On the other side of the fence, after the 11 September catastrophe in New York’s twin towers, billions are spent on internal security. At the same time, citizen’s rights became an open space for everybody to fiddle. A huge brand new sector of private business has emerged and now prospers and expands at exponential speeds just by trampling on civil liberties. All European citizens now know very well that they are monitored, watched over and that their communications can be very easily intercepted by a large number of government agencies and private operators.

Skyrocketing securing spending

Actually, many European countries which have no apparent external enemies and their borders with neighbors are practically nonexistent, are nowadays devoting more government spending on internal security than on national defense. And those resources are not used to protect the citizens’ liberties and rights, but rather on the opposite direction, that is to spy over them.

A brand new sector of private business has then emerged in the internal security universe with one preferential customer; the government. Apparatuses and systems of any conceivable kind of control, surveillance, monitoring, eavesdropping and other innumerable devices, infrastructures and programs are being constantly developed and used by government agencies and private businesses.
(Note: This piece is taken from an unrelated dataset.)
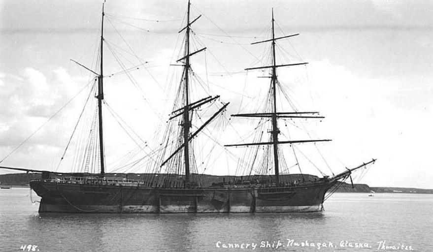 | Keywords: Three masted cannery ship, possibly the iron bark STAR OF INDIA, Nushagak, ca 1912 (THWAITES 100).jpeg check categories 27 October 2016 1 Photograph Creator John E Thwaites Caption on image Cannery ship Nushagak Alaska PH Coll 247 160 Subjects LCTGM Star of India Bark ; Sailing ships--Alaska--Nushagak depicted place United States--Alaska--Nushagak ca 1912 Institution University of Washington UWASH-THWAITES-source accession number thwaites 100 PD-old-auto-1923 1940 Information field Order Number THW094 Images from the John E Thwaites Photographs of Alaska Collection to check Sailing ships |
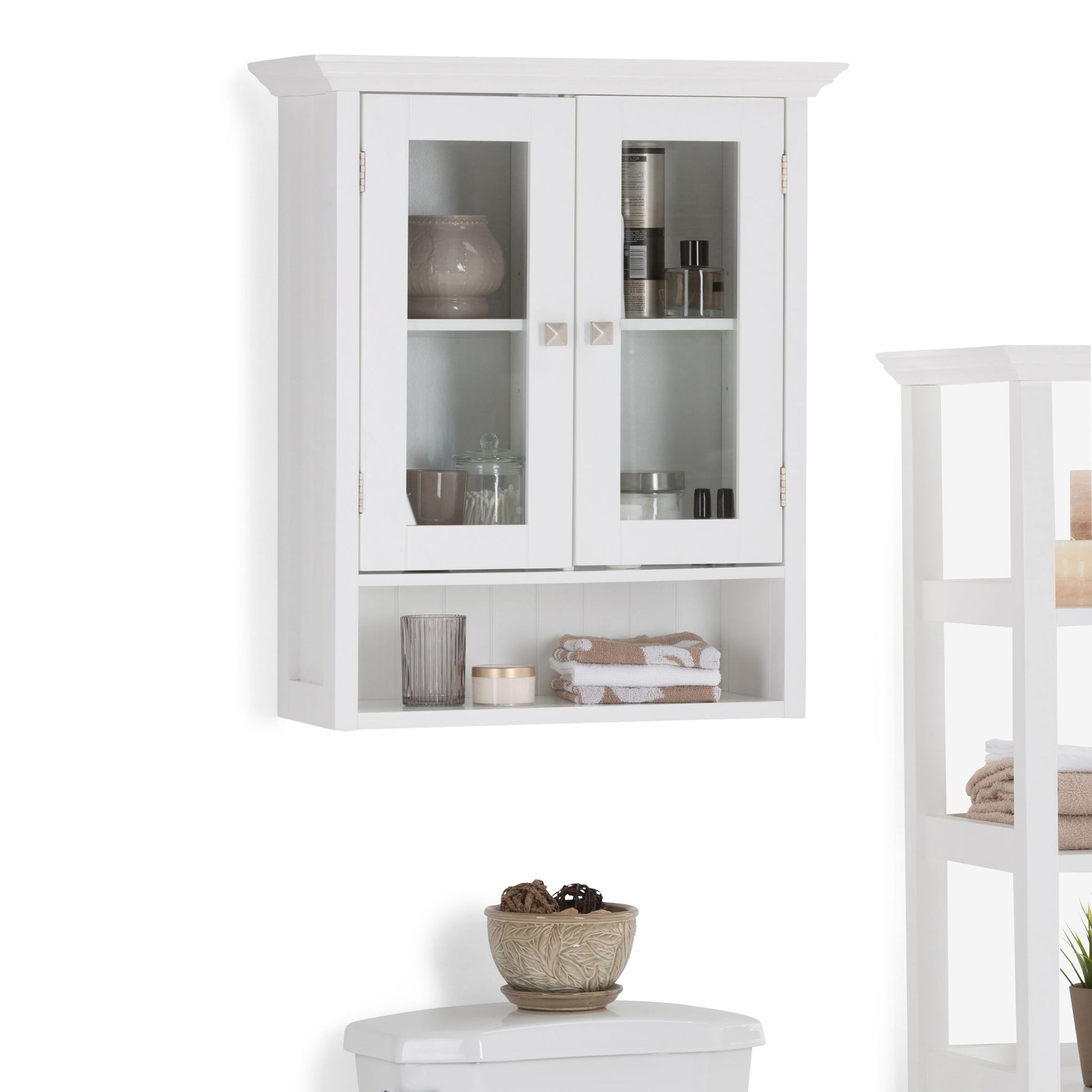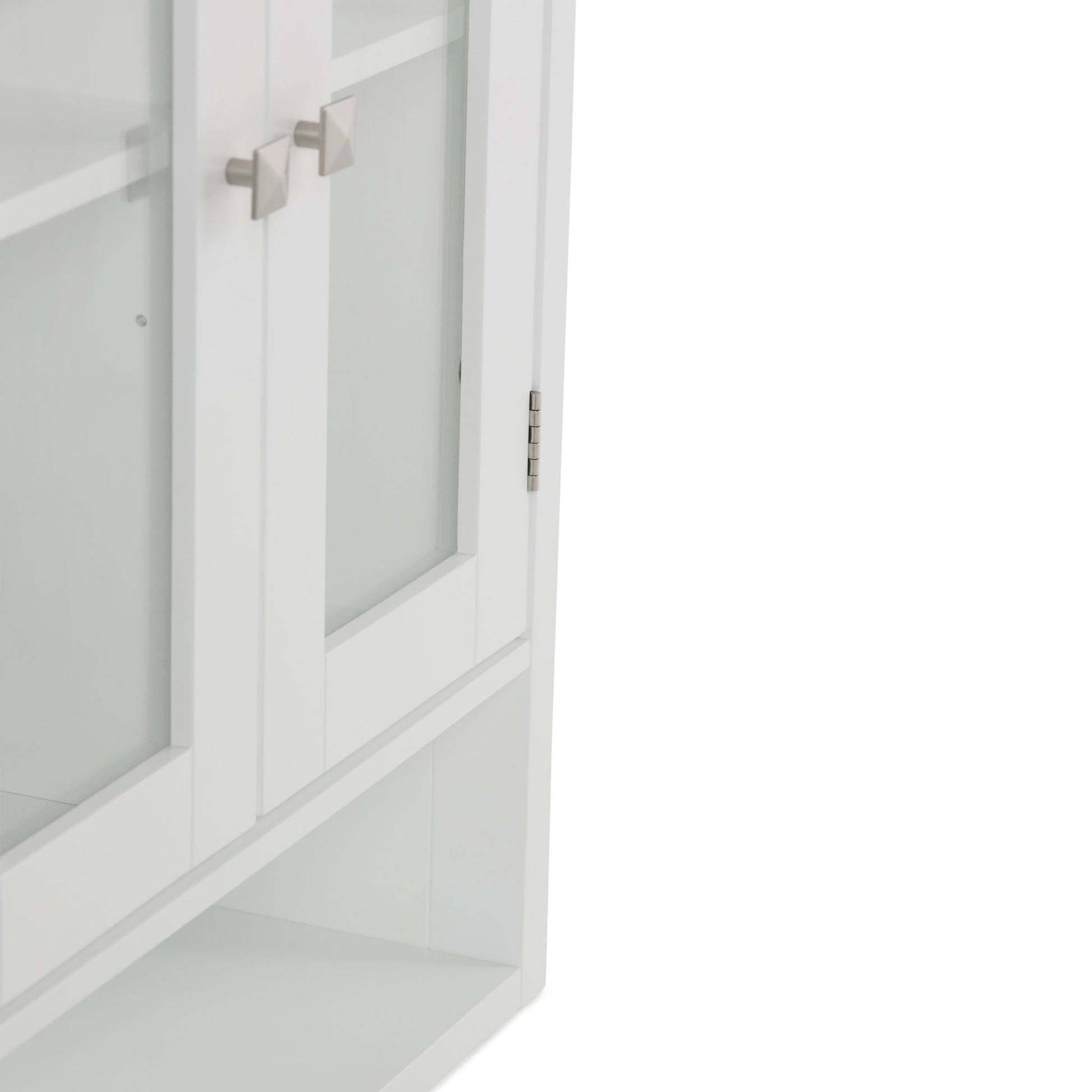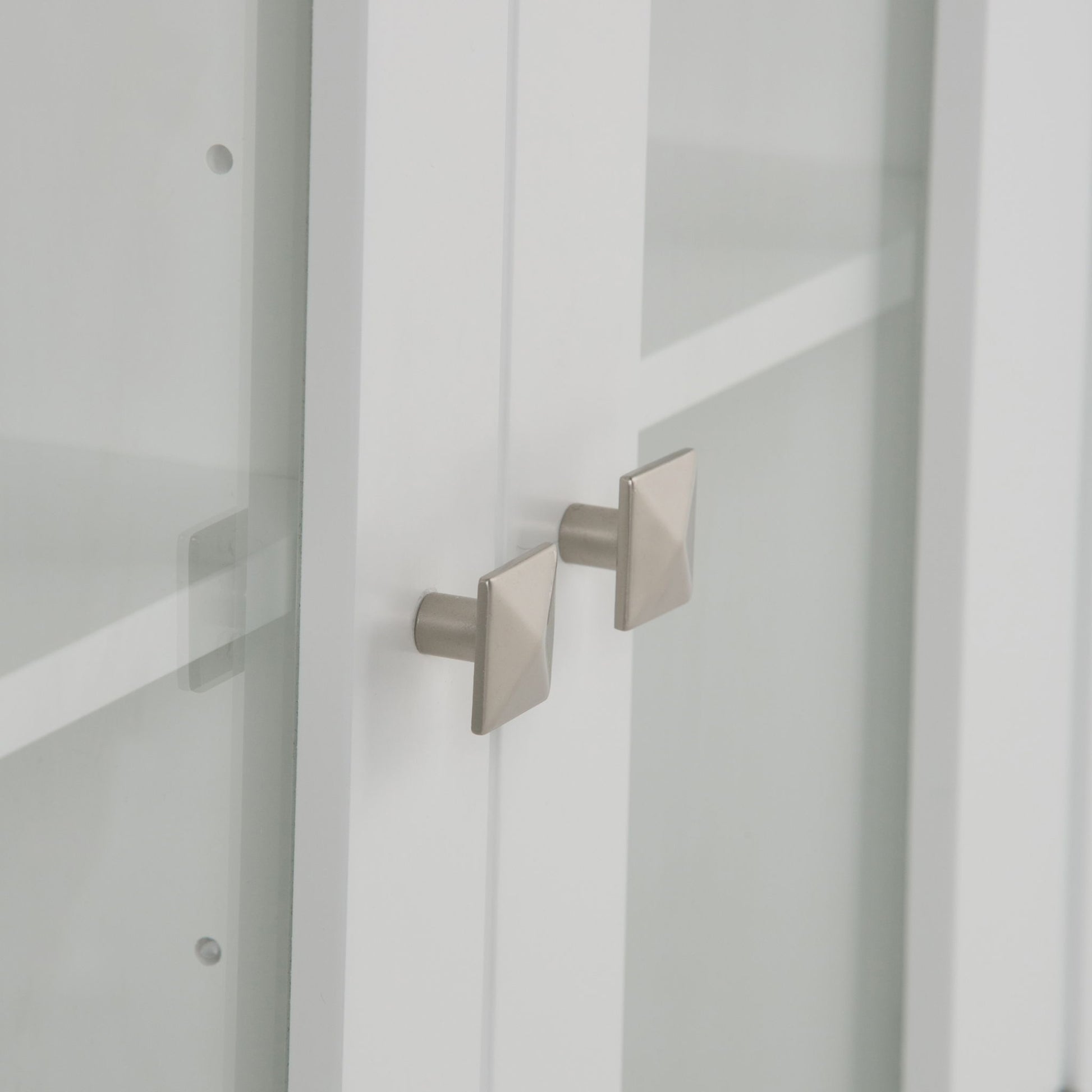 - Features two (2) doors with two (2) adjustable interior shelves and one (1) open bottom shelf. Brushed nickel hardware

All that is being generously financed with public money or indirectly charged to customers.

Yet the world is less secure

In short the developed world, mainly the Atlantic part of it, has found a brand new ‘enemy’; its citizens. Muslim terrorism has offered to the West the justification base for political support, not only to undertake military action and wage wars all over the world, but also a rationale for internal security action and measures. All that offers at the same time brand new ways of enrichment for many. Unfortunately by the same token, our brave new world becomes every day a less secure place to live in and raise a family.